Localizada num andar de um prédio estreito e antigo no centro de São Paulo, a pequena igreja com paredes de cores vivas acolhe, semanalmente, fiéis transexuais. Muitos são pessoas em condição de sem abrigo, ou seja, duplamente excluídas da sociedade.
"Vivemos numa sociedade que nos maltrata, nos discrimina. Eu estou a levar esperança, um empoderamento de pessoas trans", diz Jacque Chanel, de 56 anos, nome escolhido em referência a Jackie Kennedy e à marca de luxo francesa.
No seu culto, não há fileiras. O grupo forma um círculo e aperta as mãos, enquanto a pastora, ordenada em maio pela igreja evangélica, pronuncia as orações. Atrás, uma faixa rosa e azul anuncia: "Sou trans e quero dignidade e respeito".
De sobrancelhas tatuadas, Chanel expressa-se, abrindo as mãos e olhando pelos óculos, com a firmeza de quem aprendeu com a vida. "Sofri muito para chegar até aqui", afirma.
Ela lembra-se do pastor que a acolheu na sua cidade natal, Belém (no estado do Pará), como "pai". "Não aceitava a minha transexualidade, mas pelo menos respeitava-me", conta. Até que ele foi assassinado e a conservadora igreja evangélica fechou-lhe as portas.
Esse movimento do cristianismo protestante, com o qual 30% dos brasileiros se identificam, segundo investigações recentes, defende a todo custo valores como as uniões heterossexuais e a família tradicional.
Movida pela sua fé em Deus, Chanel tentou, no entanto, retornar ao seu seio durante anos. "Não me acolhiam.
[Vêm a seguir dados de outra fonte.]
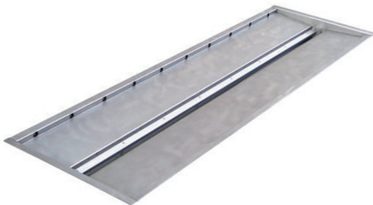
art.P-104 large basic
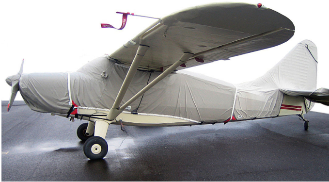
Stinson 108 Canopy, Engine, Prop & Empennage Covers

The material is very reflective, and tests show that the cabin interior temperature can be reduced to near-ambient temperature on the hottest of days. It is water, ice and snow repellent, yet breathable to allow moisture to escape from between the cover and the aircraft surface.
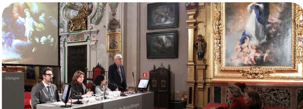
Inauguration of the 2012 Baroque School.
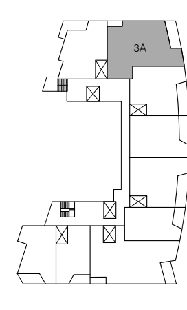
TOWER RESIDENCES KEYPLAN

Colocavam-me sempre a mão na cabeça para tirar os espíritos malignos", assegura.
Em São Paulo, para onde se mudou, conseguiu formar um grupo de fiéis com homossexuais. "Nós ficávamos atrás. Num culto, o pastor chamou-nos na frente: era para nos expulsar", recorda-se.
Mas Chanel não desistiu e continuou a bater em todas as portas até que encontrou uma igreja inclusiva, derivada de um movimento evangélico minoritário que surgiu no Brasil na década de 2000, para acolher o movimento LGBTQ+.
"Mudou a minha vida. Mas achei muito injusto. Tinha mais ou menos 300 gays e lésbicas e duas pessoas travestis. E dizia-se inclusivo?", questionou. Chanel convenceu o centro a abrir um espaço para ela, no qual chegou a reunir 200 jovens trans, e ordenou-se como pastora para inaugurar a sua própria igreja, há seis meses.
"Quando a gente vai à igreja Católica, aparece uma legião de pessoas que olham para gente, ainda mais quando a gente vai receber a hóstia. Eu me sentia muito mal. Quando venho aqui, é diferente (...) Ninguém fica olhando, ninguém olha com que roupa eu estou, ninguém fala 'é travesti'. Eu me sinto em casa", disse Vanessa Souza, de 42 anos, uma das frequentadoras do culto de Chanel, que acontecia online até há poucas semanas.
Além do "sustento espiritual", Chanel proporciona ágape aos seus fiéis, da mesma forma que, uma vez por semana, graças às doações que recebe, percorre o bairro para entregar alimentos a cerca de 200 pessoas carentes. O seu número é cada vez maior no centro de São Paulo, devido à crise econômica provocada pela pandemia da covid-19.
"Convido ao culto as pessoas trans, não trans também. É uma igreja totalmente aberta", explica a pastora. Segundo ela, as suas cerimónias foram marcadas como "satânicas" em vídeos postados na Internet por evangélicos conservadores.
Chanel ainda espera pela operação de redesignação sexual. Mas a lista de espera do pioneiro Hospital das Clínicas de São Paulo tem mais de mil pessoas, ao ritmo de uma cirurgia por mês, comenta. Ela diz, porém, não ter pressa em mudar o seu nome de batismo, Ricardo, no seu bilhete de identidade.
"É uma oportunidade para fazer pedagogia, explicar para as pessoas que perguntam", afirma. O Brasil é um dos países com mais assassinatos de transexuais no mundo, com 175 casos de homicídio registados em 2020.